RECORDED INFORMATION
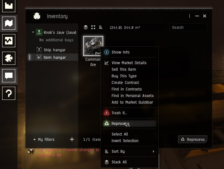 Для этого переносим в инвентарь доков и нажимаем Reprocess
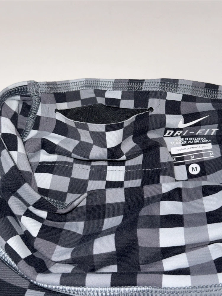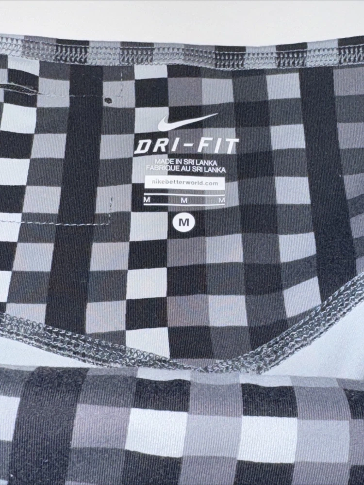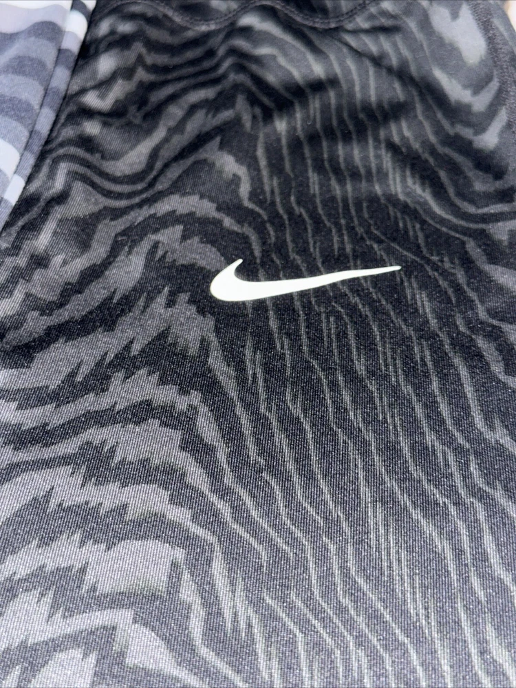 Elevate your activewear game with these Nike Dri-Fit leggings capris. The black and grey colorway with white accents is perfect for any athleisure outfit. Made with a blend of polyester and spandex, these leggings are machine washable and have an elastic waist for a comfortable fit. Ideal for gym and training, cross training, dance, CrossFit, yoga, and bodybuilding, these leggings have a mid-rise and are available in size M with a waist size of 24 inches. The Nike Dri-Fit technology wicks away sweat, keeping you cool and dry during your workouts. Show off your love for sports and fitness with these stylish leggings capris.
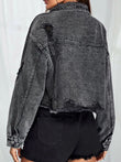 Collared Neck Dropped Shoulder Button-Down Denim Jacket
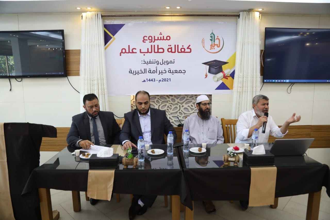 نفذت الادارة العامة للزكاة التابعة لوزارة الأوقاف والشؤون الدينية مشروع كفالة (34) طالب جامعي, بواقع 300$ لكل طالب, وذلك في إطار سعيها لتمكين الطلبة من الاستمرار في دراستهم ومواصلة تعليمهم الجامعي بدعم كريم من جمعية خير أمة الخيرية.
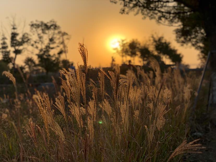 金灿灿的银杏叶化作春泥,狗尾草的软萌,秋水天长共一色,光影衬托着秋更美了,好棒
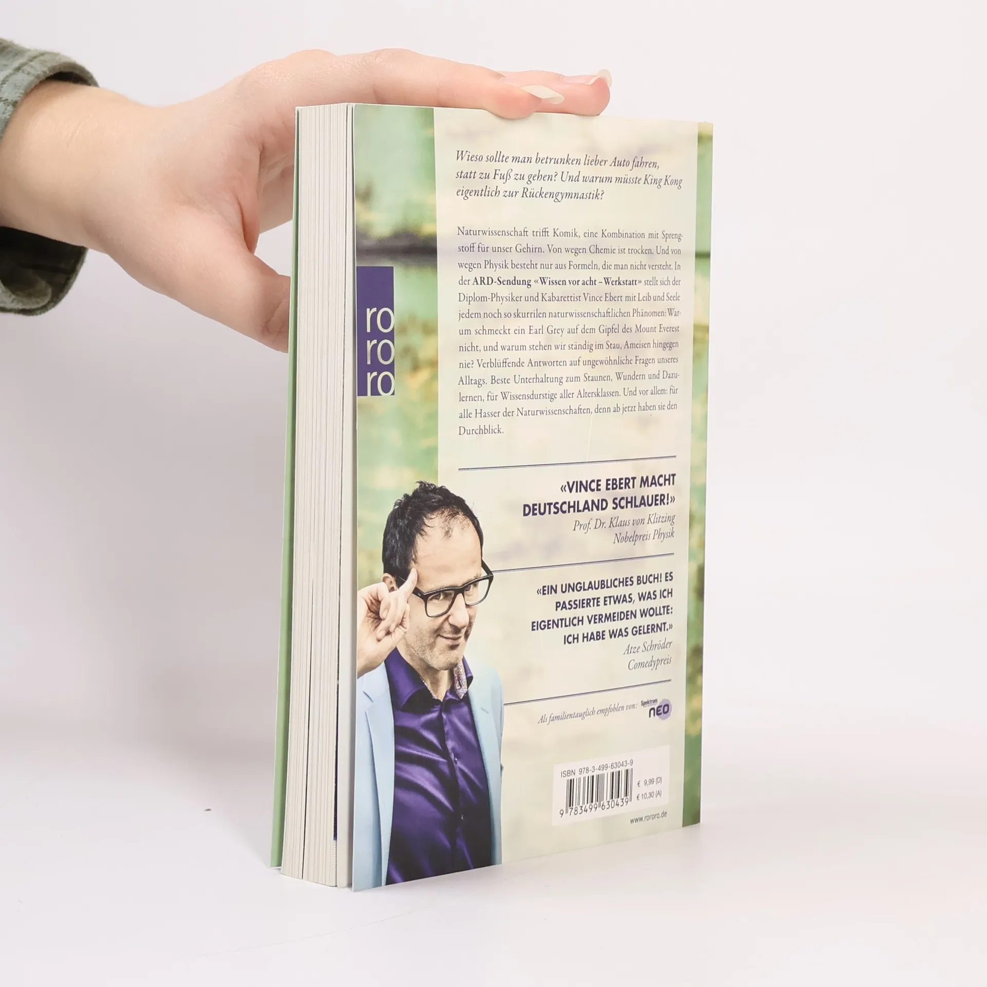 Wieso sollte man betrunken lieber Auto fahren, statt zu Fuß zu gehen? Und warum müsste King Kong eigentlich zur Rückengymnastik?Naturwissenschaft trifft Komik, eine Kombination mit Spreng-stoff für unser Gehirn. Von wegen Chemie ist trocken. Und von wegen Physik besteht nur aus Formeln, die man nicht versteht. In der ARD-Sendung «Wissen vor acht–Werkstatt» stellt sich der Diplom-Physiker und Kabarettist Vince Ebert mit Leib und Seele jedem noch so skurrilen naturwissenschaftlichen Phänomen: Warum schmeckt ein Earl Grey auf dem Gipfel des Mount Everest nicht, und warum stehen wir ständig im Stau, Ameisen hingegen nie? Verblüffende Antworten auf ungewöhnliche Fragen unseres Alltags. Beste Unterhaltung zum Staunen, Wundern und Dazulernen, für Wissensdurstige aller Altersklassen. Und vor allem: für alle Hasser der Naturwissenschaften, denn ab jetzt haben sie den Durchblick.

---

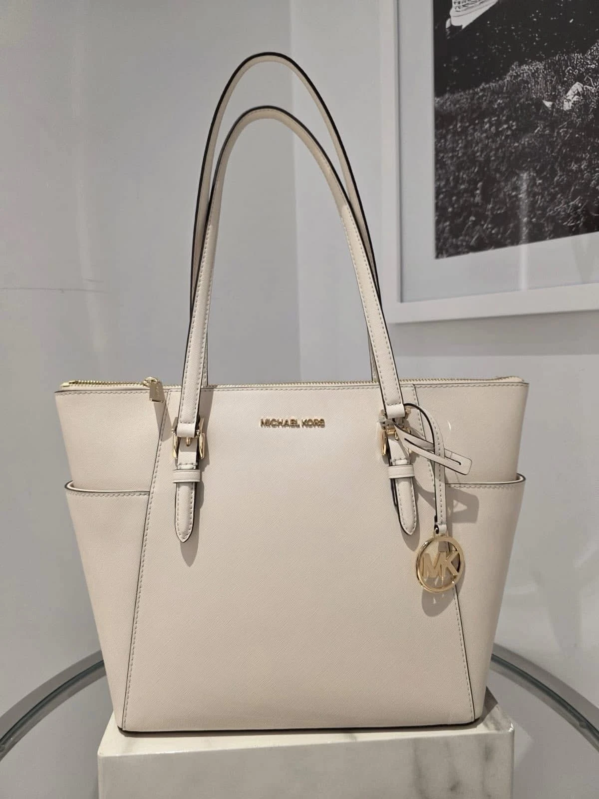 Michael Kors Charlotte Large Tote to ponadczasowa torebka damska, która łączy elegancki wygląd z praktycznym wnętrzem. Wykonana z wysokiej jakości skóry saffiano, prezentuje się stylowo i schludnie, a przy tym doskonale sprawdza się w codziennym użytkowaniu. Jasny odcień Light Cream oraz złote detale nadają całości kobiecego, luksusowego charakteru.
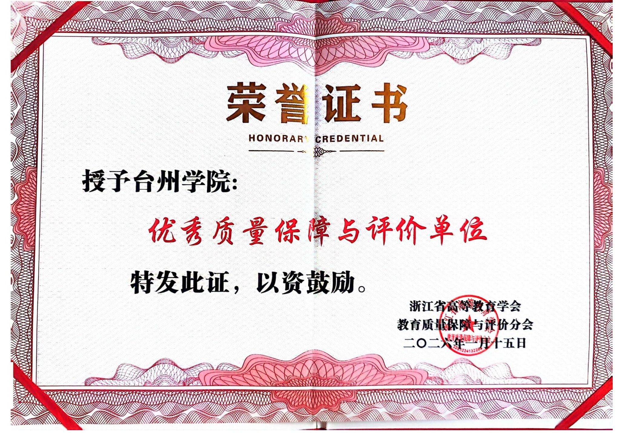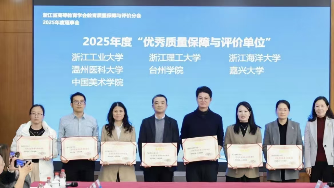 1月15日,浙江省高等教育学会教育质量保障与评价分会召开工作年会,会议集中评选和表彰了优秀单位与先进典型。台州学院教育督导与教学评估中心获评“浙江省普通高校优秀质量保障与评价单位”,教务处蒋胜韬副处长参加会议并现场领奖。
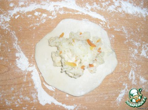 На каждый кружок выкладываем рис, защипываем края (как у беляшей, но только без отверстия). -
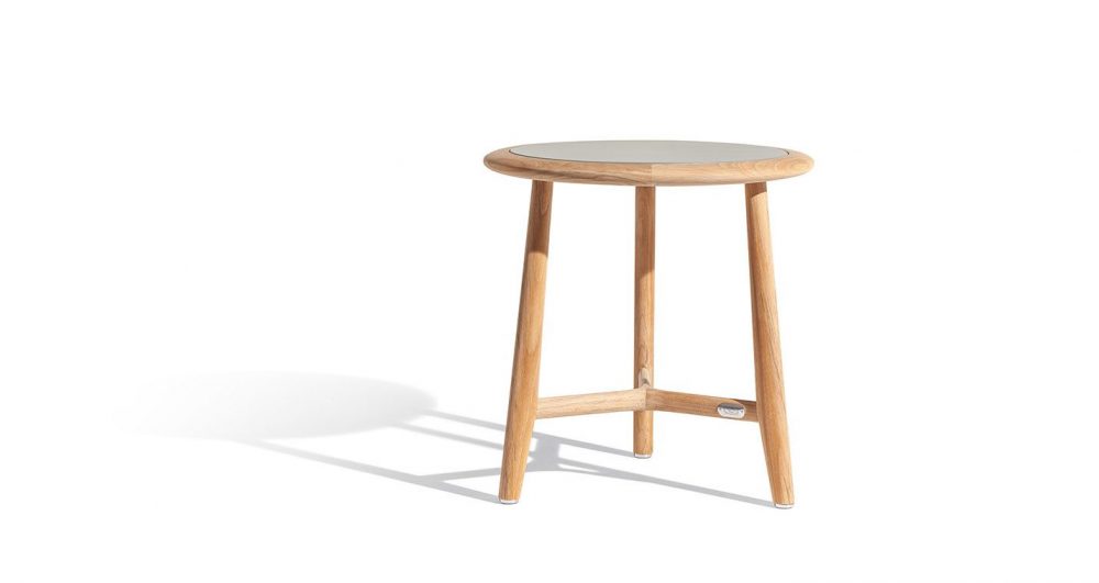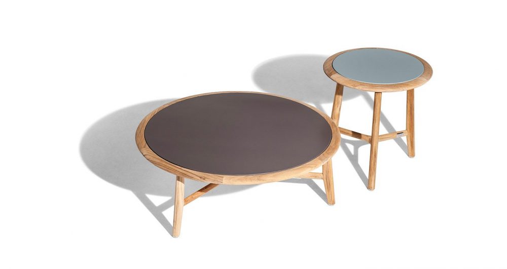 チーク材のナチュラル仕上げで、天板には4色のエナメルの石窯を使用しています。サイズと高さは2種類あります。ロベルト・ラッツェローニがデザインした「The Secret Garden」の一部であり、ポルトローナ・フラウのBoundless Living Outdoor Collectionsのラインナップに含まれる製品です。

PROBLEM TO WORK ON
With the pictures omitted, copy the entries above exactly from the line containing "На каждый кружок" through the line containing "Living Outdoor Collectionsのラインナップに含まれる製品です。", both lines included.

WRITTEN REPLY
 На каждый кружок выкладываем рис, защипываем края (как у беляшей, но только без отверстия). -
 チーク材のナチュラル仕上げで、天板には4色のエナメルの石窯を使用しています。サイズと高さは2種類あります。ロベルト・ラッツェローニがデザインした「The Secret Garden」の一部であり、ポルトローナ・フラウのBoundless Living Outdoor Collectionsのラインナップに含まれる製品です。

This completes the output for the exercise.